Le cardinal reconnoissoit bien qu’il étoit impossible de lui donner la vie, sans ouvrir la porte aux duels et à toute sorte d’infractions des lois. Il voyoit bien que le sauver étoit, en effet, autoriser ce qu’on défendoit par ordonnance. On représentoit que par là on établissoit toute sorte d’impunité, et, en un mot, on perdoit l’autorité du Roi ; qu’en pardonnant à une personne qui avoit enfreint vingt-deux fois l’édit, et avec des circonstances qui aggravoient extrêmement ses fautes, on ne sauroit plus justement punir ceux qui seroient si malheureux d’y tomber à l’avenir. Au reste, il étoit à craindre que l’impunité de ce gentilhomme ne fit autre effet sur son esprit que de le rendre plus insolent, la raison ayant eu jusques en ce temps-là si peu de pouvoir sur lui, qu’il n’y avoit pas grand lieu d’espérer qu’à l’avenir elle en dût avoir davantage. D’autre part, on devoit aussi appréhender que ceux qui entreprenoient de le sauver n’imputassent son salut à leur sollicitation plutôt qu’à la bonté du Roi, et que lui-même lui rendit plutôt hommage de sa vie qu’à celui qui seroit vrai et seul auteur de sa grâce.
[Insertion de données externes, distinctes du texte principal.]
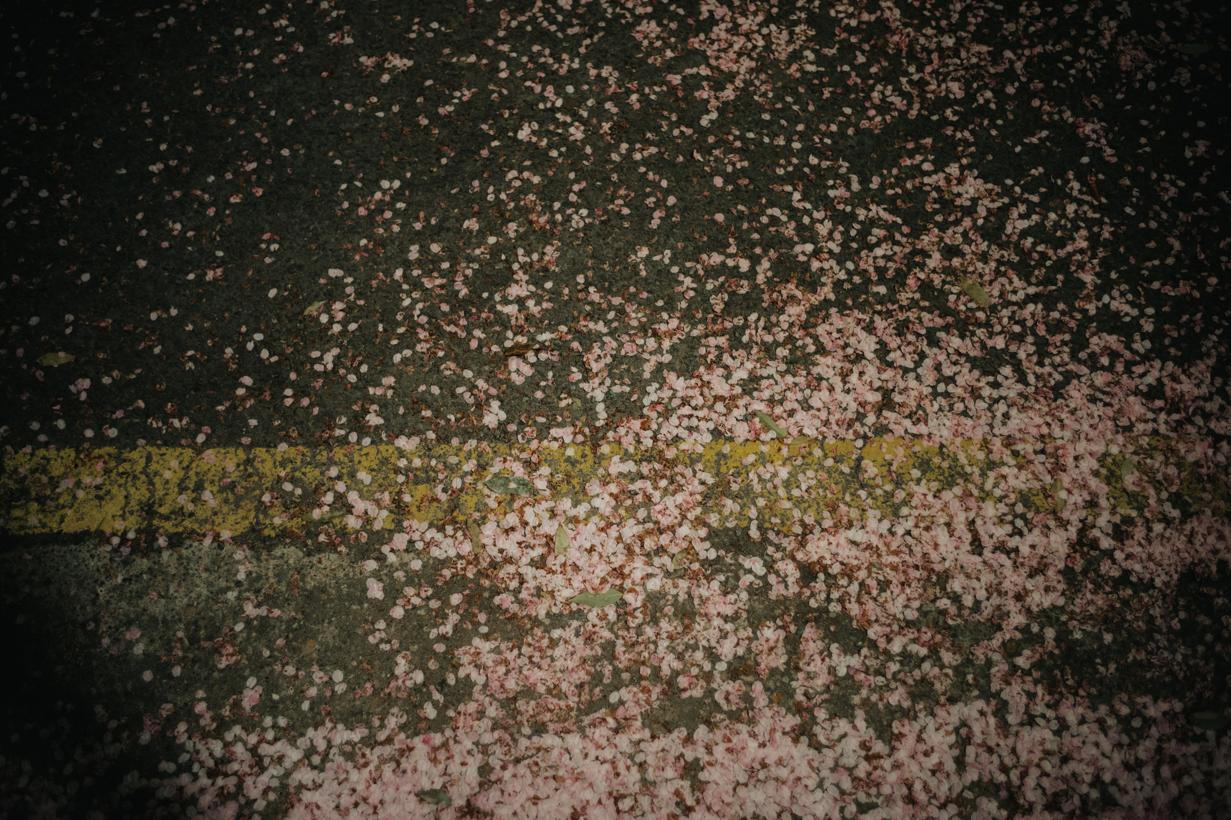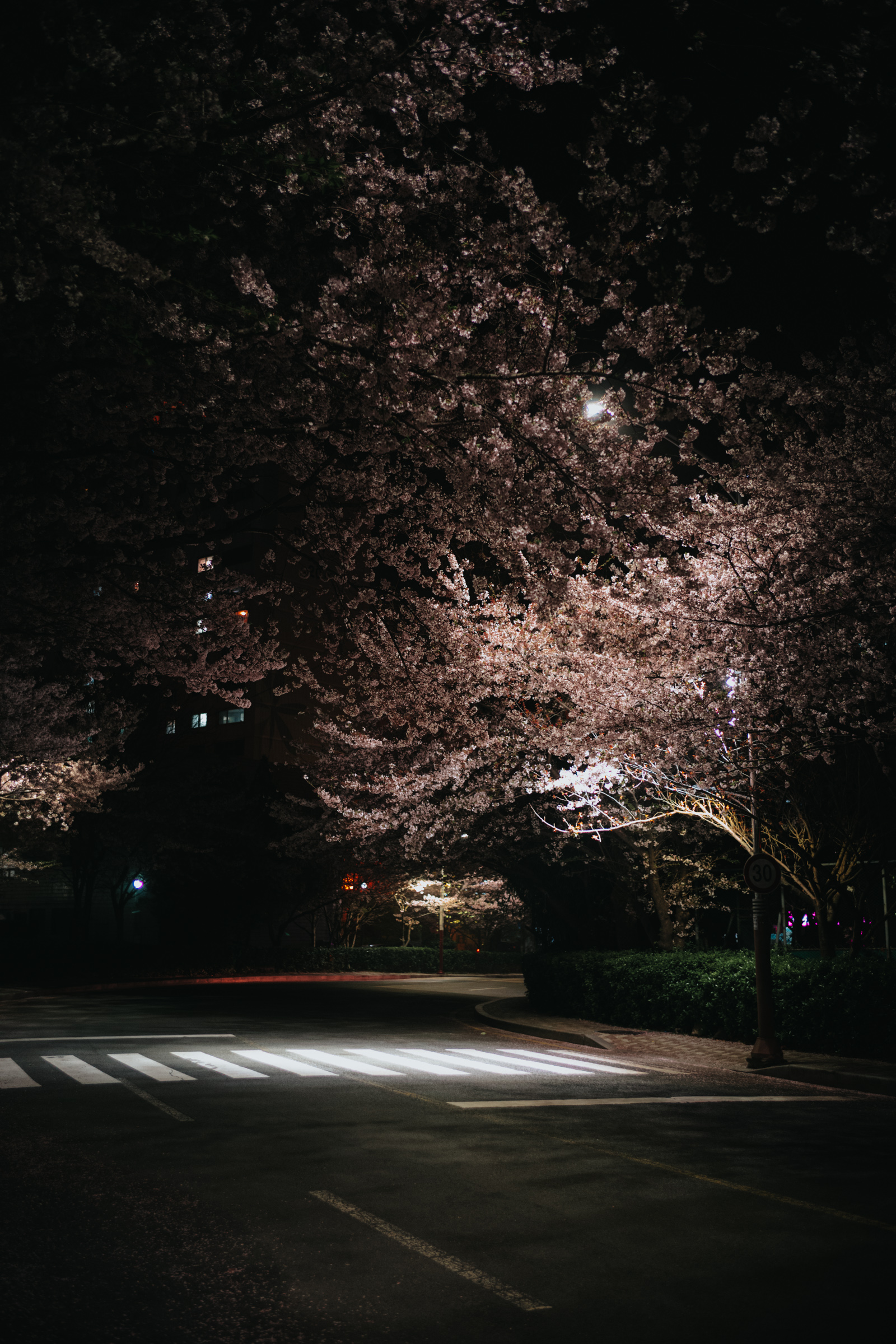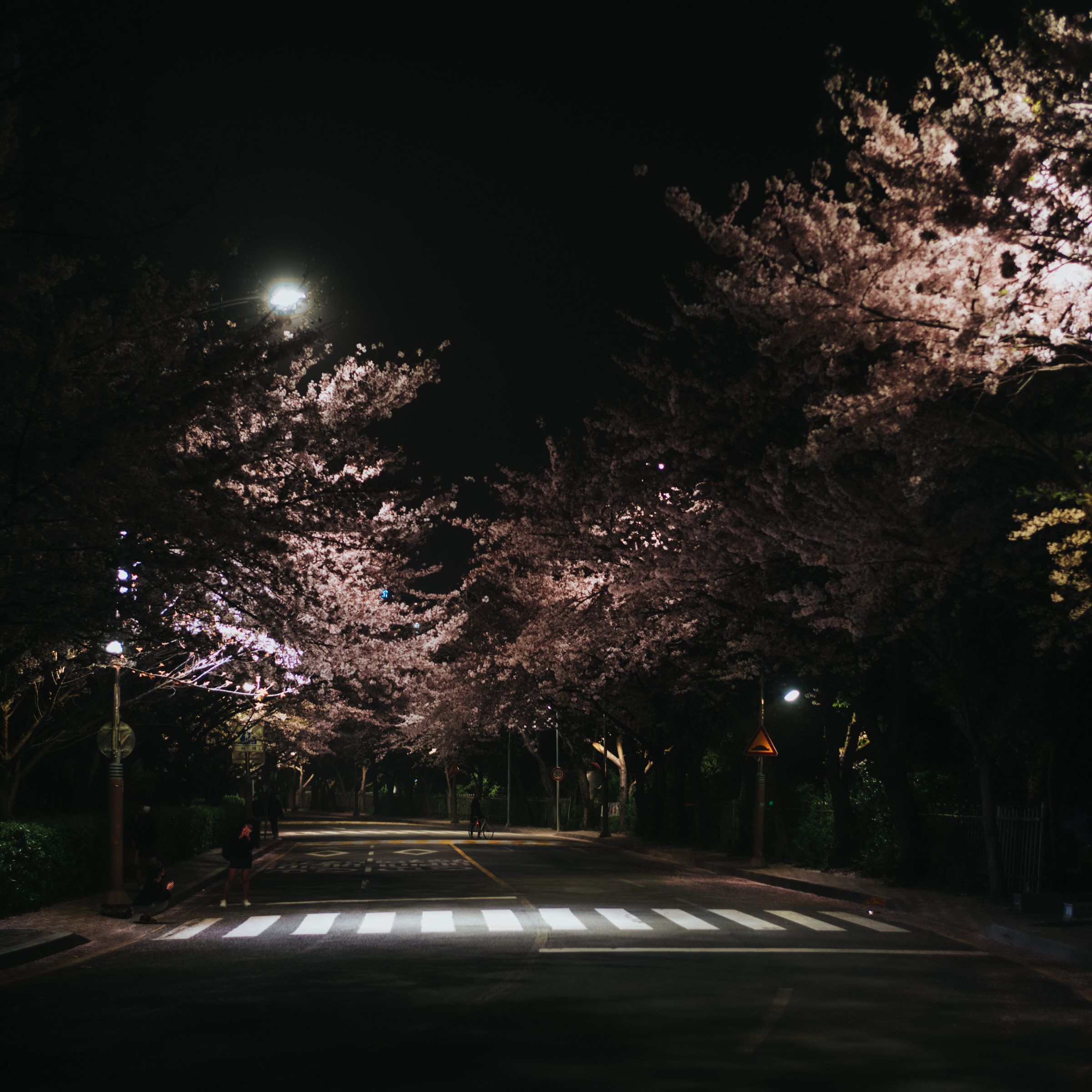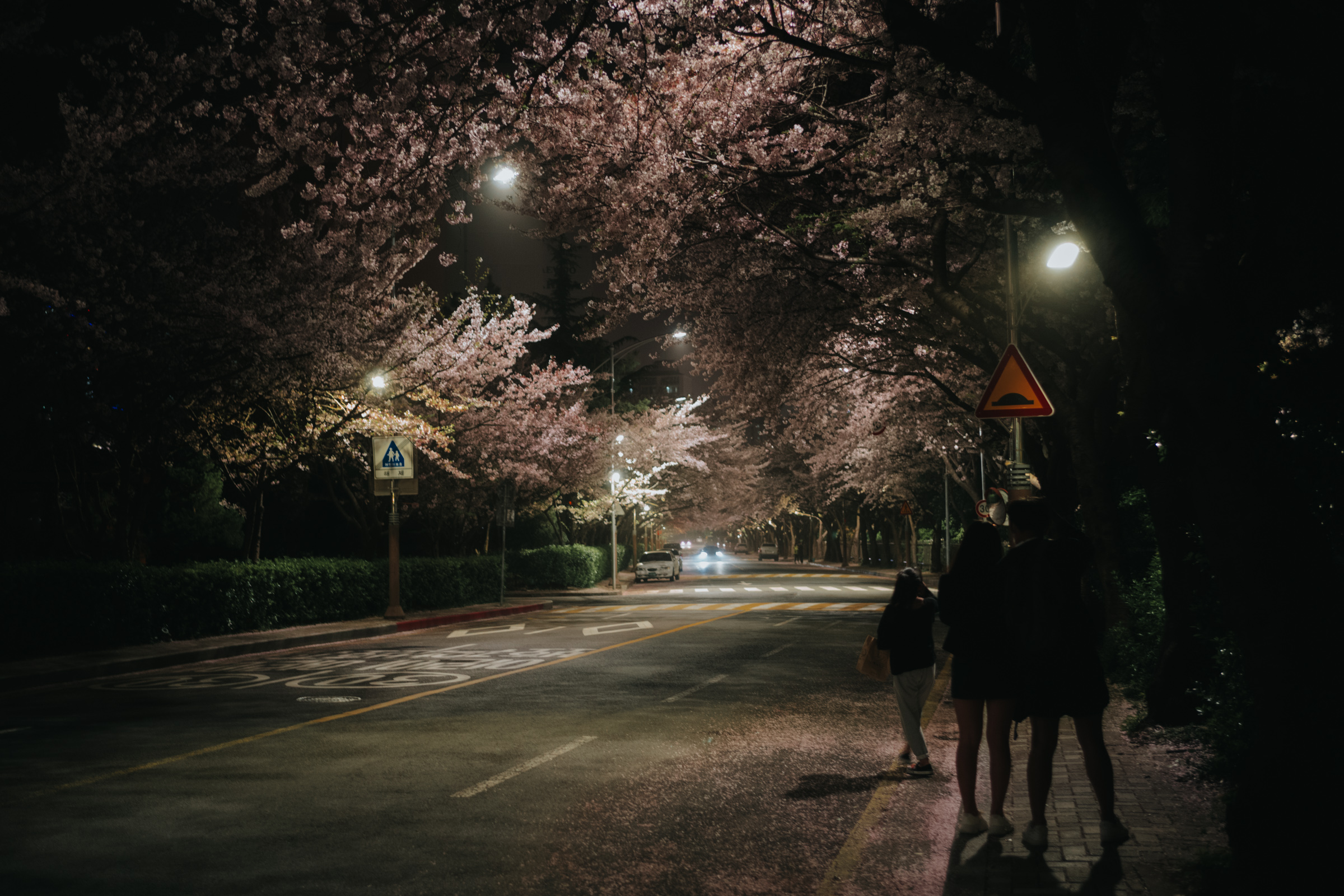 평소엔 눈길을 주지 않던 가로등 등불마저 횡단보도와 꽃잎을 멋진 실루엣으로 그리고 있었고요.

Qui plus est, ce pauvre gentilhomme étoit si aveuglé, qu’il estimoit mériter autant de récompenses par ses crimes, qu’il en eût dû attendre s’il eût rendu autant de témoignages de sa valeur en servant le Roi, qu’il avoit fait en violant les lois de son Etat et celles de Dieu même. Toutes ces considérations tenoient le cardinal en suspens, et l’empéchoient de penser à ce qu’il eût désiré ; d’autant qu’ainsi que la clémence est une vertu des princes, la justice l’est des Etats, dont le salut est plus considérable que celui des particuliers.
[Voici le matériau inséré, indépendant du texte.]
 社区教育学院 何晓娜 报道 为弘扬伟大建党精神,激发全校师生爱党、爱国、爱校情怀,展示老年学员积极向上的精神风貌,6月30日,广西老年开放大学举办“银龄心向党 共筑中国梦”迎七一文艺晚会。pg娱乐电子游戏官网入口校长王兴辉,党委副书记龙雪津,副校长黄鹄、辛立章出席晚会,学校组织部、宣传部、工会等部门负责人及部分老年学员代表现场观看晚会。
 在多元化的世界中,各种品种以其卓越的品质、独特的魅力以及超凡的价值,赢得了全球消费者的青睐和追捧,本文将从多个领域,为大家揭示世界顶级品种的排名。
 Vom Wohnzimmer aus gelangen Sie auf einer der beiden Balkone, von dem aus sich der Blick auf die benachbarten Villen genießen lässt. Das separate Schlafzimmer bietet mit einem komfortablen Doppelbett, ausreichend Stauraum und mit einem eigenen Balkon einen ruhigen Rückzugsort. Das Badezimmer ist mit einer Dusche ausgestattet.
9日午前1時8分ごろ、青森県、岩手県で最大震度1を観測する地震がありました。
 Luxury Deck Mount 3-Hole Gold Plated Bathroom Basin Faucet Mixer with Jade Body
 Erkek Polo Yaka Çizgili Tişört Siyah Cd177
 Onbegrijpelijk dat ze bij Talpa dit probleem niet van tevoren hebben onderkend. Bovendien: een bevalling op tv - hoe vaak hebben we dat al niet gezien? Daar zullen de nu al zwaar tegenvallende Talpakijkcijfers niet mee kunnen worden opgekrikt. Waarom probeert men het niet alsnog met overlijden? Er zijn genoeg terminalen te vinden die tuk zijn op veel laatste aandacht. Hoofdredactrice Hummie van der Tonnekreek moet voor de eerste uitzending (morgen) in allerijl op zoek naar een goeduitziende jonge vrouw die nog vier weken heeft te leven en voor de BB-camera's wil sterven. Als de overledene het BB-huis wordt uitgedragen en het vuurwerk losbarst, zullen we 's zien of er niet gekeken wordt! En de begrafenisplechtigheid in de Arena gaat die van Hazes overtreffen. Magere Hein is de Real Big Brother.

Cependant il est vrai que le Roi lui pouvoit donner la vie, et que nul justement ne l’en saurait blâmer, sa bonté devant quelquefois avoir autant d’étendue que sa puissance. Donner la vie à un homme, dont les prédécesseurs ont plusieurs fois employé la leur pour son service, se peut faire sans blâme. Au reste, s’il est vrai que les fautes de ce gentilhomme viennent d’une maladie, sa vraie peine est une prison ; étant vrai que comme l’échafaud est la peine des méchans, Ia prison le doit être des frénétiques. En un mot, il faut se souvenir de la pensée de Sénèque, nihil gloriosius rege impune lœso ; et comme cette action dépend de la seule puissance du Roi, elle doit venir de son seul mouvement. Etant prisonnier, il ne peut plus nuire à l’autorité du Roi, et si Sa Majesté lui pardonne, il servira de beaucoup a sa gloire.
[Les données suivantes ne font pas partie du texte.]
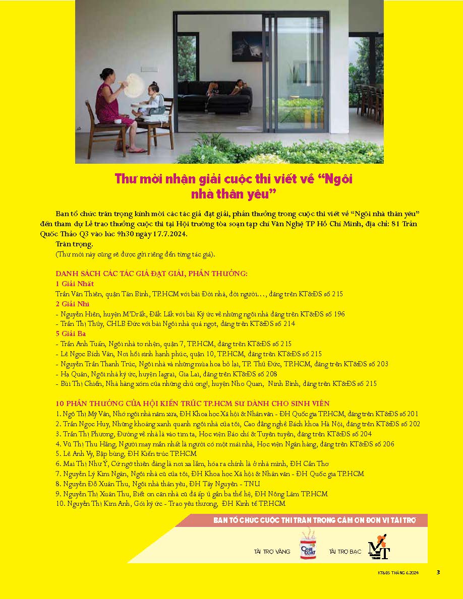 Liên quan đến cuộc thi viết về Ngôi nhà thân yêu, ấn phẩm Kiến trúc & Đời sống xin được công bố: Lễ trao giải sẽ được tổ chức vào lúc 9 giờ 30 ngày thứ tư, 17.7.2014 tại hội trường tạp chí Văn Nghệ TP. Hồ Chí Minh. Địa chỉ: 81 Trần Quốc Thảo, Q.3. Chúng tôi sẽ có thư mời đến từng tác giả đạt giải.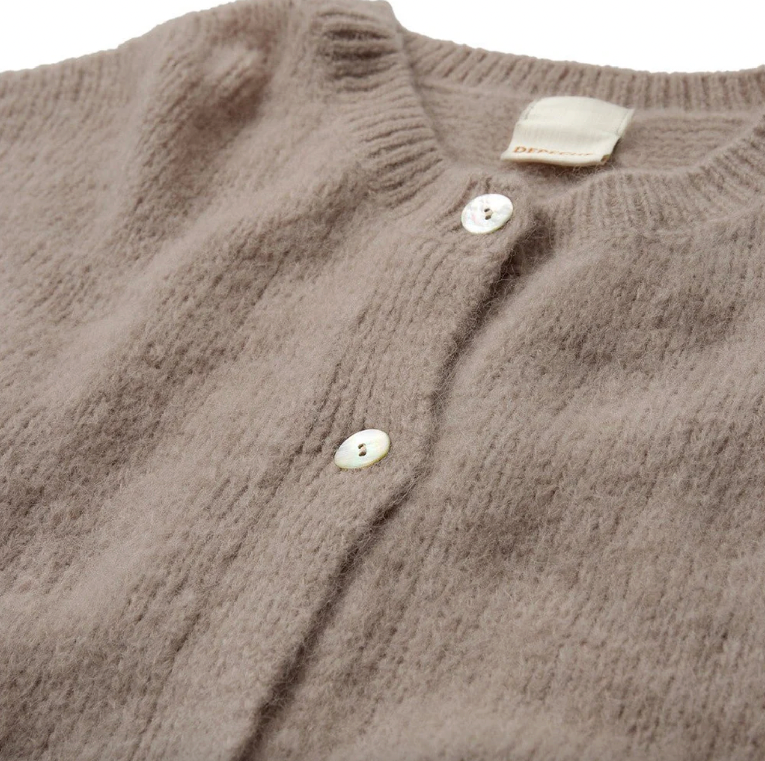 Cardiganen er strikket i en blanding av 38% akryl, 32% polyamid og 30% baby alpaca. Den ensfargede sandtonen og de diskrete perlemorsknappene understreker det elegante uttrykket.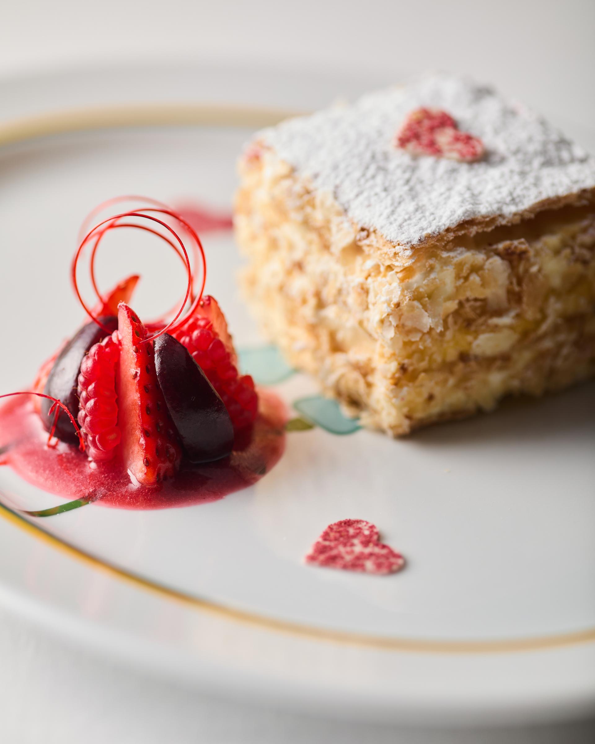 晚宴菜单亮点包括:吉他弦意面配帝王蟹与新鲜香草、烤牛里脊配黑松露汁、土豆泥及田园时蔬。晚宴尾声,多款融合巧克力与时令鲜果的精致甜点登场,以优雅平衡的味觉层次为盛宴画上句点。

Le cardinal, après avoir pesé toutes ces considérations en son esprit, donna au Roi sur cette affaire l’avis suivant : « L’affaire dont il s’agit est si importante, que, pour mon particulier, j’aime mieux en être rapporteur que juge, proposer les difficultés que les résoudre. Votre Majesté, qui nous surpasse autant en jugement qu’en puissance, saura bien d’elle-même, après en avoir ouï les raisons, prendre la résolution la plus utile à son Etat. Quelque parti qu’elle suive, elle profitera toujours de la faute de ceux qui sont condamnés ; car ou le châtiment fera connoître et redouter votre justice, ou le pardon estimer et admirer la grandeur de votre clémence. Il n’y a point de doute qu’ils n’aient mérité la mort ; il est certain qu’on ne peut leur donner la vie sans hasarder celle de plusieurs, qui, pensant ne devoir pas être plus malheureux qu’eux, suivront leur exemple. Il est difficile de les sauver sans autoriser en effet ce qu’on défend par ordonnance, sans ouvrir la porte aux duels, augmenter le mal par l’impunité, et rendre votre autorité et Ia justice pleine de mépris. Il ne s’agit plus d’une simple infraction des édits, mais d’une habitude à les rompre, d’une profession publique de mépriser l’autorité royale, de violer toute sorte de lois dont le respect est l’unique fondement des Etats. Il n’y a eu querelle depuis six ans dans la cour dont ils n’aient été ou l’occasion ou la cause. Ils ont toujours fait les gladiateurs à gages, et réduit en art ce qui ne tend qu’à la destruction de la nature. Au lieu que, jusqu’ici, les duels n’ont été en usage que pour repousser les injures particulières, il semble que ces messieurs ne les aient recherchés que pour en faire au public, surtout en cette dernière occasion, où ils ont violé la dignité de votre présence, les lois du royaume et la majesté de la justice, où ils ont choisi Paris, un lieu public, la Place-Royale, pour jouer à la vue de la cour, du parlement et de toute la France, une sanglante et fatale tragédie pour l’Etat.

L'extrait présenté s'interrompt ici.